Vendors worried about OASIS Angst about GSA mega-contract for professional services
The Obama Administration’s push for strategic bulk buying is about to expand to cover billions of dollars in professional services with the goal of better management to reduce costs and improve efficiency.
But vendors have become increasingly agitated by the plans because they fear that high-level technical and management support may be oversimplified in the process, possibly driving down performance as well as prices.
The General Services Administration is preparing to release a draft Request for Proposals in a month or so for OASIS (One Aquisition Solution for Integrated Services), a governmentwide multiple-award contract, valued at up to $60 billion over 10 years. OASIS will have two tracks: unrestricted and small-business only.
On Feb. 1, panelists from the GSA and vendor groups met to discuss critical questions about OASIS. Participants from the Professional Services Council, TechAmerica, ACT-IAC and the Coalition for Government Procurement asked what the GSA is expected to gain from OASIS, how it will handle pricing and pricing data, and how OASIS fits within broader strategic sourcing plans.
The goal of OASIS is to better manage the purchase of engineering, IT, management consulting and other services under a single contract, which currently is not possible, said Jeff Koses, director of GSA’s office of acquisition operations. Agencies generally create new contracts for each service they need. Under OASIS, there would be a single centralized contract all agencies can use. Presumably it would have standard prices or price ranges for various labor categories of professional services.
The government needs OASIS to reduce “repetitive” contracts, Koses said.
Currently, some vendors have up to 200 professional services contracts with the government, while some federal agencies have 20 or more services contracts with the same company, Koses said.
Prices for the same apparent service vary 200% to 400%, he added, and agencies appear to get no leverage from buying in bulk.
“It costs a lot to manage all that, so how do we reduce that?” Koses asked. “There is enormous savings potential.”
In OASIS, the GSA intends to collect data on pricing to allow for comparisons of prices for essentially the same level of services, he said.
But how do you determine the right price? Jim Ghiloni, GSA director of business operations, suggested honing in on a common vocabulary and definitions for specific labor categories, obtaining pricing data for each category and plotting it on graph. The pricing data for a particular service likely would resemble a Bell Curve, he said, with most prices falling in the middle and outliers at each end of the curve.

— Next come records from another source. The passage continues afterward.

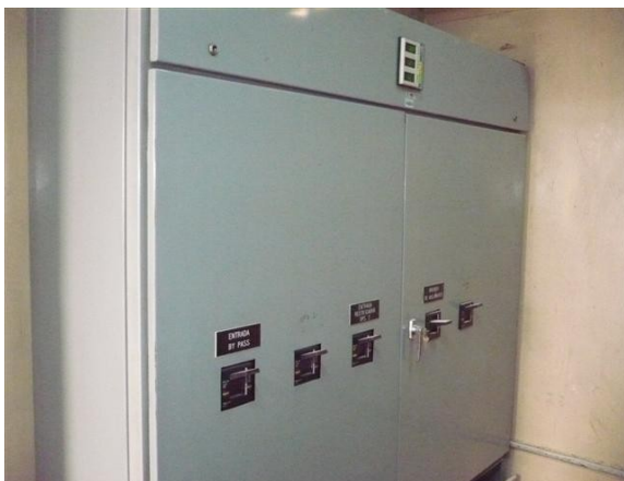
Bypass de Mantenimiento UPS
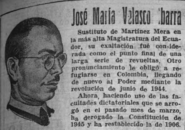
José María Velasco Barja

Sustituto de Martínez Mera en la más alta Magistratura del Ecuador, su exaltación fue considerada como el punto final de una larga serie de revueltas. Otro pronunciamiento le obligó a refugiarse en Colombia, llegando de nuevo al Poder mediante la revolución de junio de 1944. Ahora, haciendo uso de las facultades dictatoriales que se arrogó en el pasado mes de marzo, ha derogado la Constitución de 1945 y ha restablecido la de 1906.
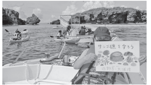
昨年12月14日に行われた海上大行動＝名護市

カヌーチームの二人の報告会。私は司会として、あいさつ。「昨年末、代執行裁判で大浦湾の埋立てが焦点化しました。しかし、年が明けると自
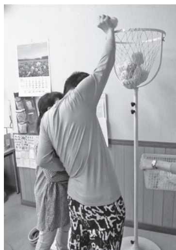
レクリエーション（玉入れ）
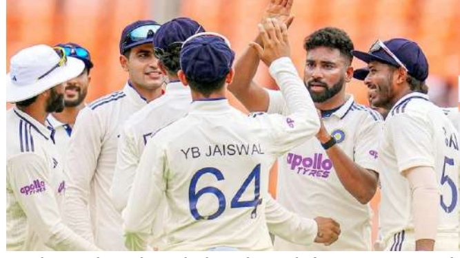
હારનો સામનો કરવો પડ્યો છે, જેના કારણે તે આઠમા સ્થાને છે. બીજી તરફ, શ્રીલંકાને વર્તમાન ઉચ્ચ ચક્રમાં પ્રથમ હારનો સામનો કરવો પડ્યો. ટીમે અત્યાર સુધીમાં ત્રણ ટેસ્ટ રમી છે, જેમાં એક જીત, એક ડ્રો અને એક હારનો સમાવેશ થાય છે. આ કારમી હાર પછી, તેના પોઈન્ટ ટકાવારી ઘટીને ૪૪.૪૪ થઈ ગઈ, અને તે ત્રીજા સ્થાનેથી છઠ્ઠા સ્થાને સરકી ગઈ. શ્રીલંકાના પતનથી ભારતને સૌથી વધુ ફાયદો થયો છે. ભારતીય ટીમ હવે ૪૮.૧૫ ના પીસીટી સાથે પાંચમા સ્થાને પહોંચી ગઈ છે. જોકે, ફાઇનલની દોડમાં પોતાનું સ્થાન

મેચમાં યજમાન વેસ્ટ ઈન્ડિઝે દરેક વિભાગમાં શાનદાર પ્રદર્શન કર્યું. પ્રથમ ઈનિંગમાં ૩૧૮ રનની લીડ મેળવ્યા બાદ, કેરેબિયન બોલરોએ શ્રીલંકાને બીજા ઈનિંગમાં માત્ર ૧૦૧ રનમાં ઓલઆઉટ કરી દીધું, મેચ એક ઈનિંગ અને ૨૧૭ રનથી જીતી લીધી. અનુભવી ઝડપી બોલર કેમાર રોચે વેસ્ટ ઈન્ડિઝની જીતમાં મુખ્ય ભૂમિકા ભજવી હતી. તેણે બીજા ઈનિંગમાં ૧૧ ઓવરમાં ૫૧ રન આપીને ચાર વિકેટ લીધી, જ્યારે જેડન સીલ્સે ત્રણ બેટ્સમેનોને આઉટ કરીને વિજય પર મહોર લગાવી. ઉચ્ચ ૨૦૨૫-૨૭ ચક્રમાં વેસ્ટ ઈન્ડિઝની આ પહેલી જીત છે. ટીમે અત્યાર સુધીમાં નવ મેચ રમી છે, જેમાં એક જીત, એક ડ્રો અને એક હારનો સમાવેશ થાય છે. આ કારમી હાર પછી,
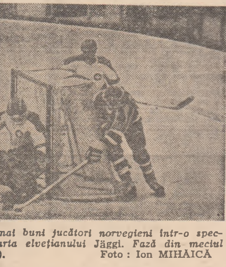
mai buni jucători norvegieni într-o spectacol elvețianului Jäggi. Fază din meciul
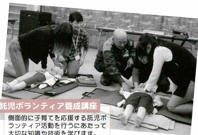
託児ボランティア養成講座

側面的に子育てを応援する託児ボランティア活動を行うにあたって大切な知識や技術を学びます。
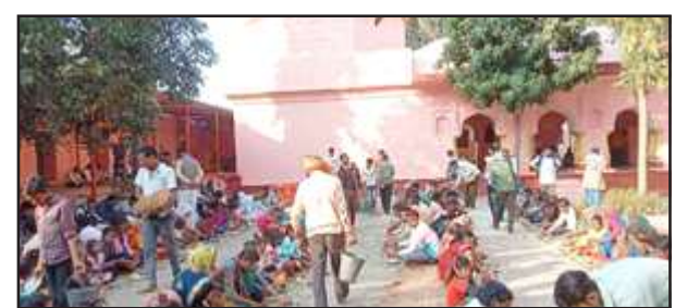
भंडारे में प्रसाद ग्रहण करते श्रद्धालु।
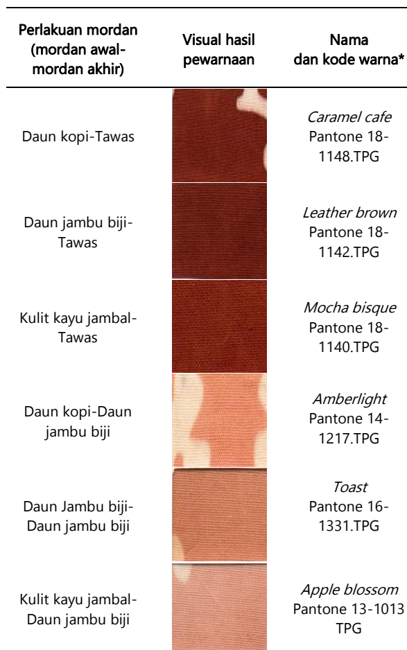
Tabel 2. Analisa visual warna berdasar Pantone Color Guide
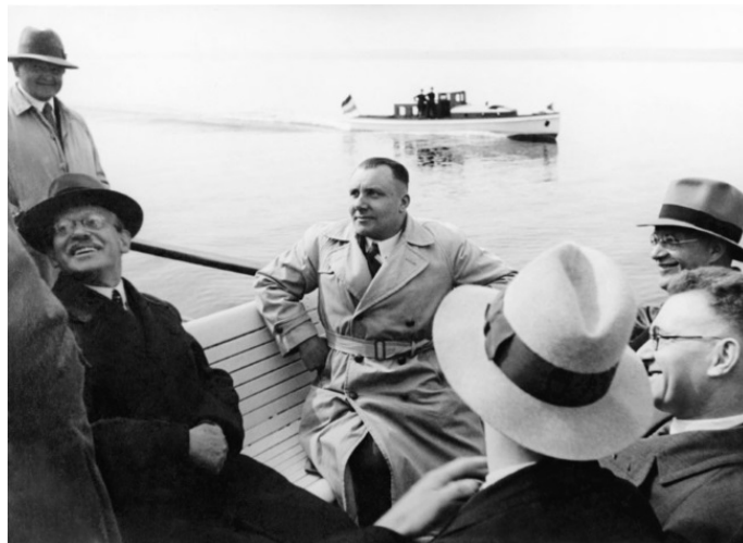
Мартин Борман – личный секретарь и ближайший соратник Гитлера

Внешне Мартин Борман был больше похож на безобидного провинциального бухгалтера, чем на одного из первых лиц Третьего рейха. Приземистый человек с приличным брюшком и головой, вечно втянутой в плечи. Всегда висящая мешком военная униформа. Заурядный образ дополнял бесформенный портфель, торчащий из-под мышки. Однако этого человека боялись все!
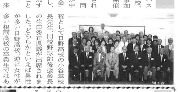
「故郷を語る会」には、来日が多い日野高校、逆に女性が多い根雨高校の卒業生ではあります。

去る5月27日、虎ノ門パスで、旧日野産業高校、根雨高校の同窓生46名が参加し、「故郷を語る会」を開催しました。 両校が日野高校に統合されて4年、今回の同窓会は、両校の60歳代の卒業生30人が中心となってつづいた、金持会が「故郷を語る会」を開催し、長先生、同校野球部後援会長と日野秀正県議が出席され、この二校の卒業生が参加するということ形をとってみることとなりました。
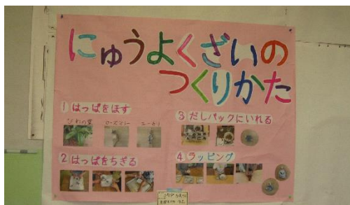
神奈川県立藤沢支援学校
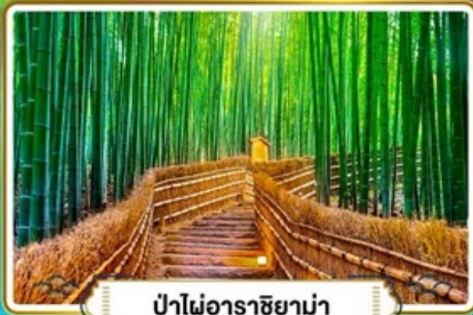
ป่าไฟอาราชิยาม่า

Making the pricing data widely available to contracting officers will enable smarter buying decisions, Ghiloni said. Vendors with prices at the high end “would have to justify their rates,” Ghiloni said.
Under OASIS, high-end vendors “would have to justify their rates,” Ghiloni said.
However, vendors at the meeting raised objections to OASIS and suggested it was too broad and oversimplified and potentially would have negative unintended consequences.
Trey Hodgkins, senior vice president at TechAmerica, said it was hard to conceptualize the standardization of the most complex procurements of services. “Strategic sourcing works for paper clips,” he said.
Roger Waldron, president of the coalition, said standardized labor rates for services are contradictory to the government’s push for excellence in performance-based contracts. In those deals, contractor pay is tied to getting the best results.
“This undermines the whole point of doing performance-based contracting,” Waldron said. Without a method to pay for superior skills, those skills may become less available, he suggested.
Stan Soloway suggested that GSA may be inadvertently raising the costs of contracting by seeking large amounts of new data. “Those costs should be articulated and reported,” he said. “Data is not a free good.”
Despite the concerns, Joe Jordan, administrator of the Office of Federal Procurement Policy, said contractors have to be prepared for strategic buying.
“Mandatory is what we’re moving toward,” Jordan said. “There will be winners and losers, and not all who want to sell to the government can sell to the government.”
Jordan hopes to apply strategic sourcing to about $150 billion in annual contracts.